Alle 7 io, Chiara e Giada ci alziamo, alle 8 andiamo a fare colazione e alle 9 arriviamo puntuali ognuna nella propria aula.

L'insegnante del primo periodo è sulla cinquantina, capelli neri e un sorriso un po' spento, dice di chiamarsi Julia e di fare l'attrice nel tempo libero.

La mia classe scopro essere formata da 18 ragazzi di cui: due francesi, una russa, tre georgiani e i restanti italiani provenienti principalmente da Roma, Napoli e Bari.

Gli unici del "nord" siamo io e i miei compagni di gruppo Francesco e Andrea che veniamo da Varese.

Julia ci spiega la prima attività: dobbiamo presentarci alla classe dicendo nome e nazionalità, dopodiché dobbiamo dire due cose che ci riguardano.

"Ragazzi ci sono volontari?" silenzio assoluto.

"Nessun volontario? Vi devo ricordare forse che siete la miglior classe di tutto il programma? Ok scelgo io" Non scegliere me ti prego, non me.

"Vieni tu con gli occhiali e i capelli lunghi castani", ci avrei scommesso.

Vado di fronte alla classe e inizio "Mi chiamo Cecilia e sono italiana", bene ora cosa gli racconto?

La maggior parte dei miei compagni mi stava fissando, a dire il vero mi stavano fissando tutti tranne un ragazzo dai capelli neri seduto in ultima fila che stava giocando con il cellulare credendo di non essere visto.
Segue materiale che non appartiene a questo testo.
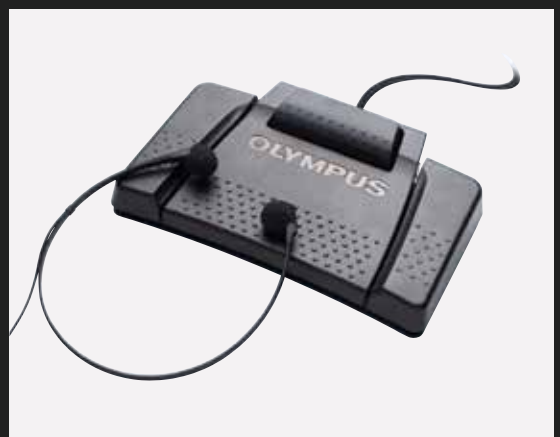
AS-9000 beinhaltet RS-31H, E-102, ODMS Transkriptions-Modul (Einzel Lizenz)

Das ODMS Transkriptions-Modul bietet eine nahtlose Schnittstelle zur Dragon NaturallySpeaking* Software. Durch den Einsatz der Spracherkennung wird die erforderliche Zeit für die Transkription Ihrer Diktate wesentlich verringert.

"Cecilia che cosa ci racconti di te?" insiste Julia.

Non sapendo cosa dire vado su un classico "E' la seconda volta che vengo negli Stati Uniti e gioco a basket". Alla parola basket il moretto dell'ultimo banco alza lo sguardo e mi guarda dritto negli occhi, poi ritorna al suo cellulare.

Intanto Julia "Giochi a basket seriamente?" "Sì" dico io, ancora non capisco cosa ci sia di tanto strano in una femmina che gioca a pallacanestro.

Torno al mio posto e ascolto la presentazione dei miei compagni Hugo, Andrea, Francesco, Melissa, Ana , fino al ragazzo del cellulare.

"Tu in ultima fila, vieni è il tuo turno" dice Julia.

"Mi chiamo David e vengo dalla Georgia", ecco scoperto il nome, "vorrei visitare il Giappone e gioco a basket", svelato anche il motivo della sua attenzione quando aveva sentito pronunciare la parola basket da me.

"David da che città vieni?" chiede Julia

"Tbilisi , la capitale" risponde lui.

Tbilisi, Markoshvili penso io, grandissimo giocatore di Eurolega che lo scorso anno ha militato in Italia.

Mia madre direbbe "Se tu conoscessi bene il latino come di giocatori di basket non avresti rischiato fino all'ultimo di avere il debito", ma cosa ne sa lei che non distingue un antisportivo da un tecnico, che non sa cosa sia l'infrazione di passi e che ad ogni partita che guardo mi chiede ogni due secondi perché l'arbitro ha fischiato.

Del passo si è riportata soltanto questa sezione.